South African archbishop Desmond Tutu has said that Israel may have committed a war crime when it attacked the town of Beit Hanoun in Gaza two years ago.
Desmond Tutu is the South African archbishop; Tutu
has stated Israel may have committed a war crime when it attacked the town of Beit Hanoun in Gaza two years ago, killing 19 people.
Tutu speaking to the UN Human Rights Council in Geneva on Thursday said, "The response of a largely secret internal [Israeli] military investigation is absolutely unacceptable from both legal and moral points of view.
"Faced with this absence of a well-founded explanation from the Israeli military ... the mission has to conclude that there is a possibility that the shelling of Beit Hanoun constituted a war crime."
The UN rights council was debating Tutu's report which was based on a fact-finding mission last May and which called for an independent investigation into the deadly strike on the town in November 2006.
In February, The Israeli military said, after its own investigation into the shelling of Beit Hanoun, it had directed artillery fire at the town after receiving reports that "militants" were planning rocket attacks.
Tutu said his mission never had access to the Israeli report of its investigation.

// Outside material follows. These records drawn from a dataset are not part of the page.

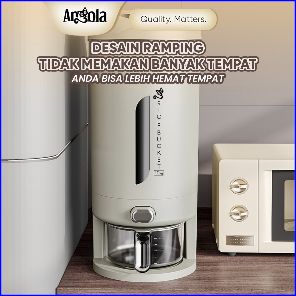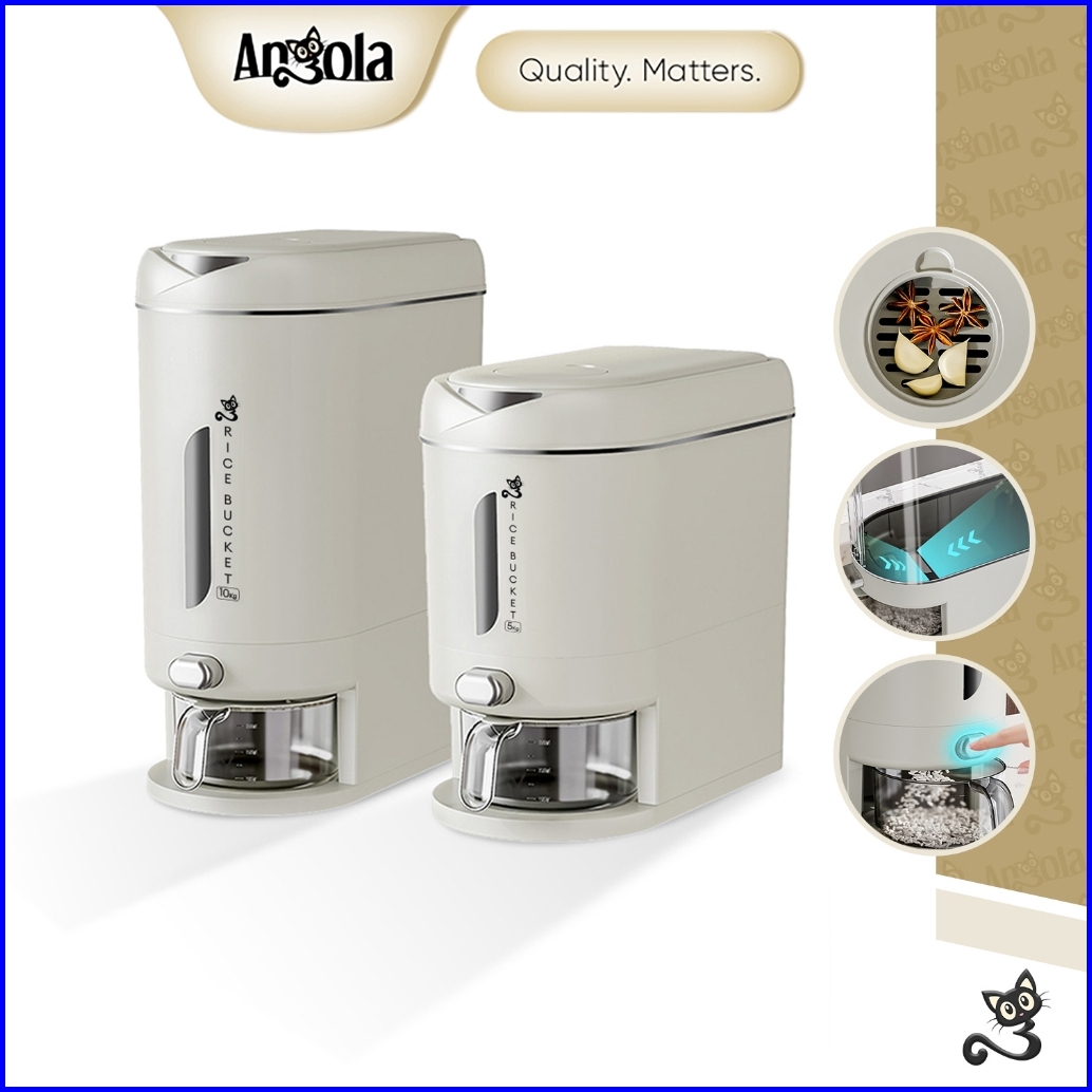 Angola Tempat Beras Otomatis 10kg E29-e31 Dispenser Beras Food Grade Anti Kutu Pencet Otomatis
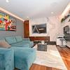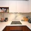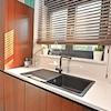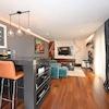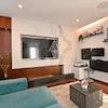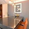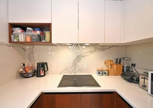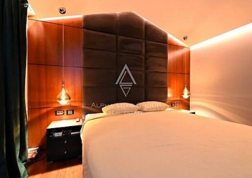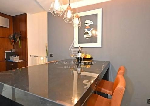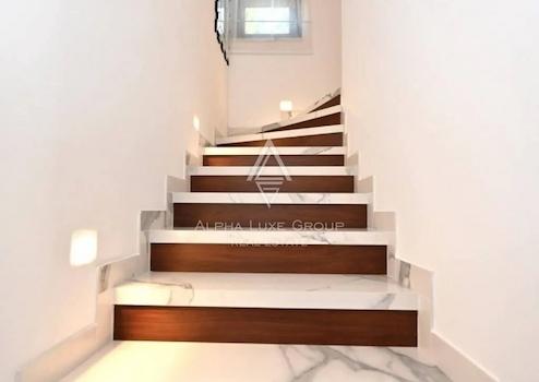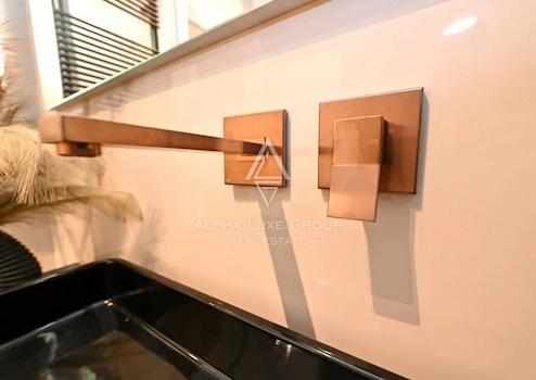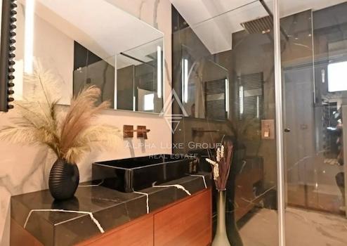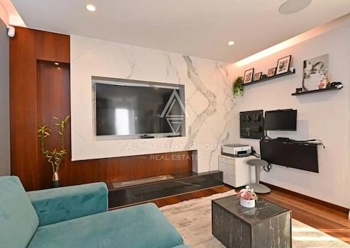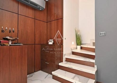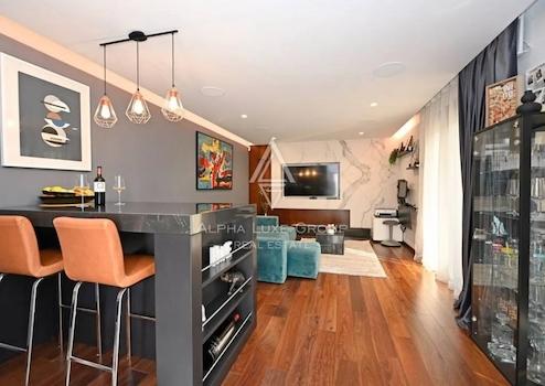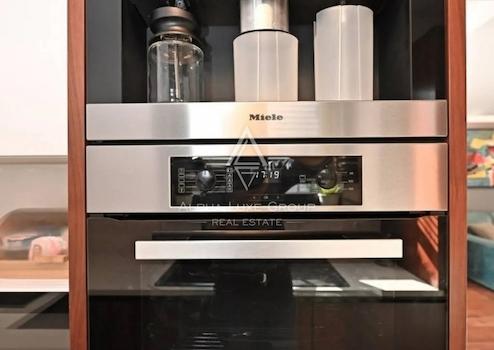 Im Innenraum dominieren hochwertige Materialien wie Keramik in Marmoroptik, Parkett in amerikanischem Nussbaumton und maßgefertigte Elemente aus Nussbaumfurnier. Küche und Bäder sind mit hochwertigen Geräten und Designer-Sanitärobjekten ausgestattet. Möbel und Geräte sind im Kaufpreis enthalten.
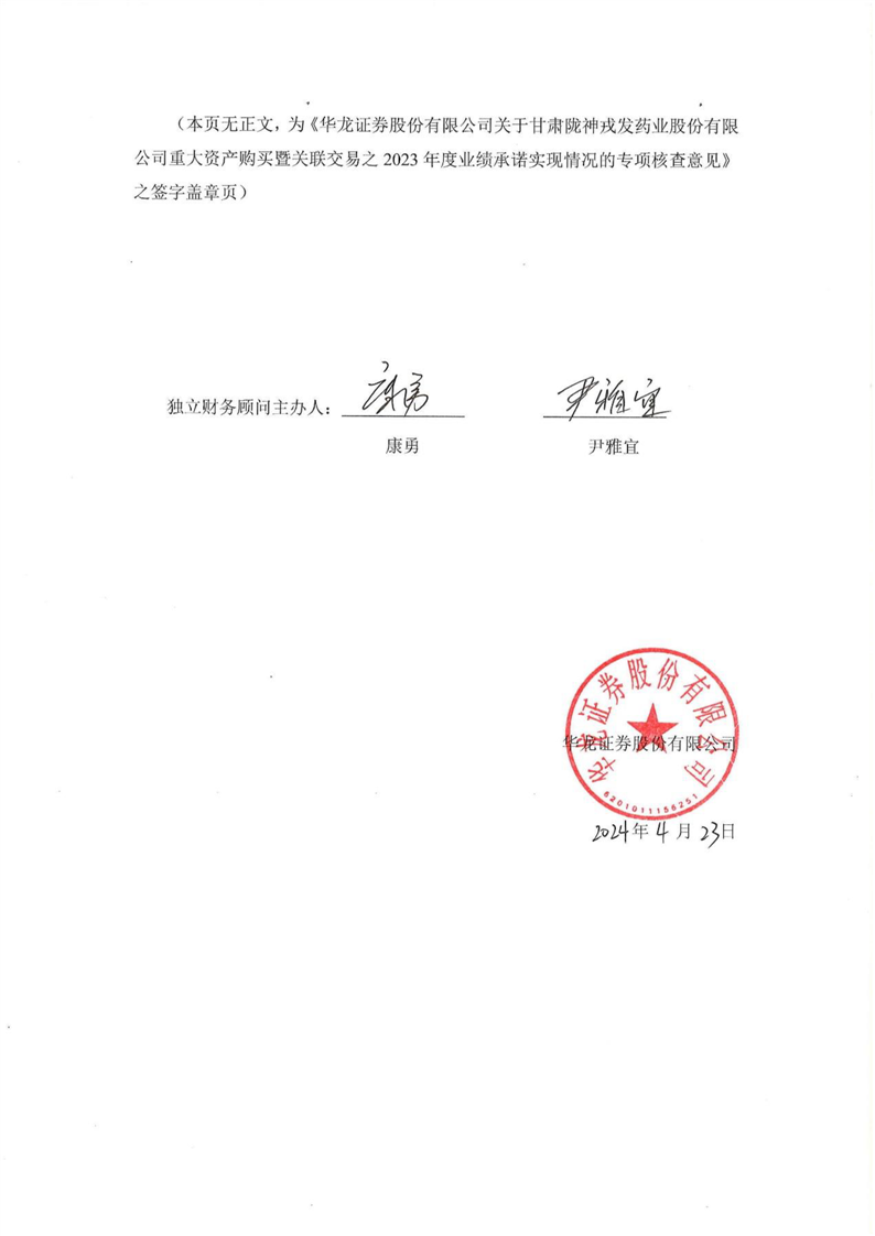 华龙证券股份有限公司关于甘肃非凡娱乐药业股份有限公司重大资产购买暨关联交易之2023年度业绩承诺实现情况的专项核查意见

"No verifiable explanation has been offered, no independent impartial and transparent investigation has been held, no one has been held to account," he said.

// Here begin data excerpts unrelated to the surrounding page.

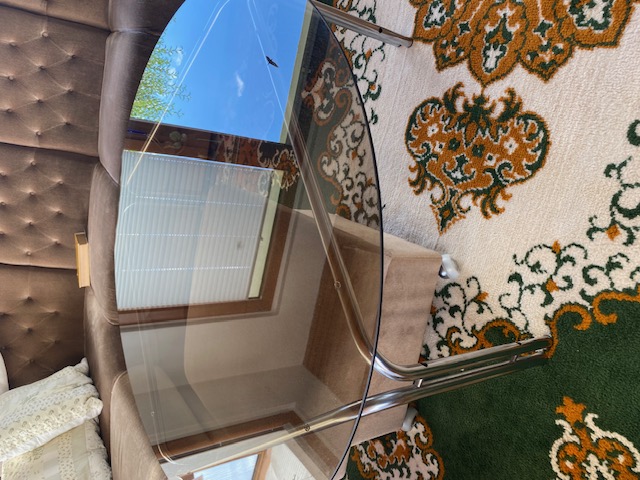 Der Tisch ist sehr gut erhalten, das Glas hat keine Kratzer
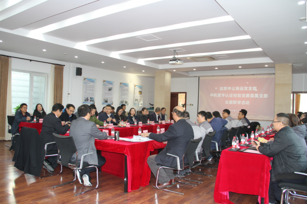 为深入学习贯彻党的十九大精神和深入开展“不忘初心、牢记使命”主题教育,创新党建工作模式,11月28日中机认检党委直属支部与北京中公高远汽车试验有限公司党支部开展了以“互联互通 并肩共进”为主题的交流活动。中机认检董事长、总经理付志坚,党委委员、副总经理刘中星,总会计师魏永斌,党支部书记、综合事务部部长姜旭,中公高远公司董事长、党支部书记叶慧海及双方支部党员共40余人参加了此次会议。
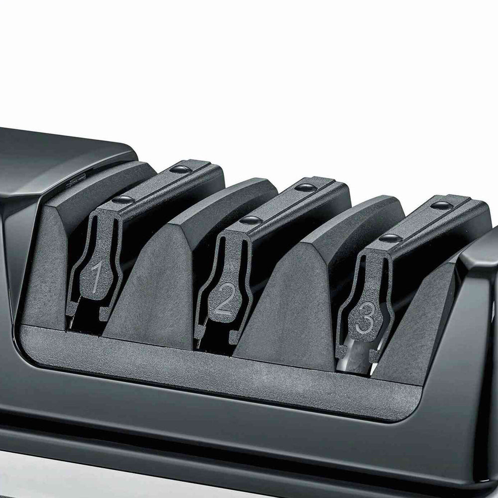 Der einzigartige 3-Phasen-Schliff macht das Schärfen Ihrer Messer zum Kinderspiel. In der Vorschärf- und Schärfphase sorgen Diamantscheiben für minimalsten Materialabtrag, während die langsamen Schleifscheiben den Messerstahl schonen und ein Ausglühen der Klinge verhindern. Die abschließende Polierphase mit Keramikscheiben verwandelt Ihre Klinge in ein rasiermesserscharfes Werkzeug.
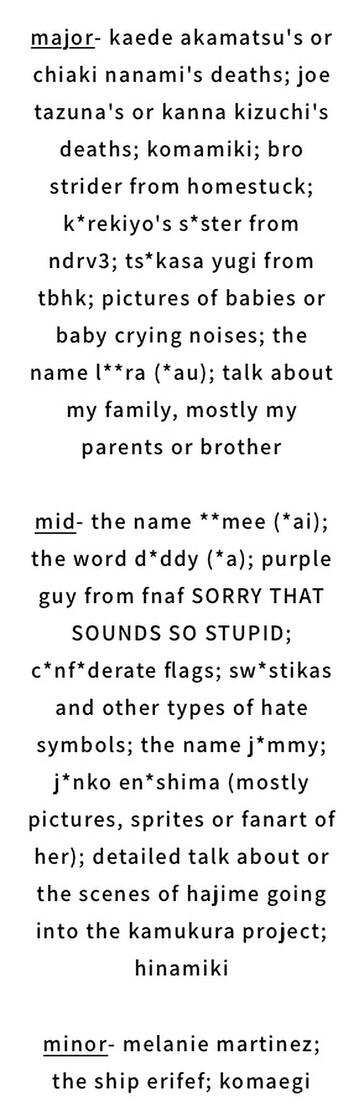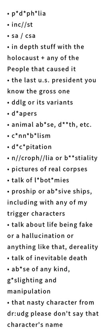 Below is a list of your TRIGGERS. You respectfully ask that people put a warning before posting or talking about any of these things, and/or censor them.

"This unjust and illegal action by Israel has vastly increased the suffering of a population which, being under occupation, is legally entitled to look to Israel for protection and support.
The occupation remains the root cause of incidents such as the shelling of Beit Hanoun."
Mohammad Abu-Koash, the Palestinian ambassador to the UN, said Tutu's report should be brought to the attention of both the International Court of Justice and the International Criminal Court.
The Israeli shelling of civilians in Beit Hanoun while asleep in their homes and targeting of those fleeing is a war crime and its perpetrators must be brought before international justice."
Aharon Leshno Yaar, the Israeli ambassador to the UN, replied: "A thorough internal investigation was conducted and the results of this investigation shared with the United Nations.
"Nothing can be gained by rehashing this topic now."
"This silence begets complicity," Tutu said.
"The right to life has been violated not just through the killings [in Beit Hanoun], but also through the lack of an adequate investigation of the killings.
"The right to physical and mental health has been and continues to be violated in a number of ways."
Tutu later added: "I think the West, quite rightly, is feeling contrite, penitent, for its awful connivance with the Holocaust.
"I just hope again that ordinary citizens in the West will wake up and say 'we refuse to be part of this'."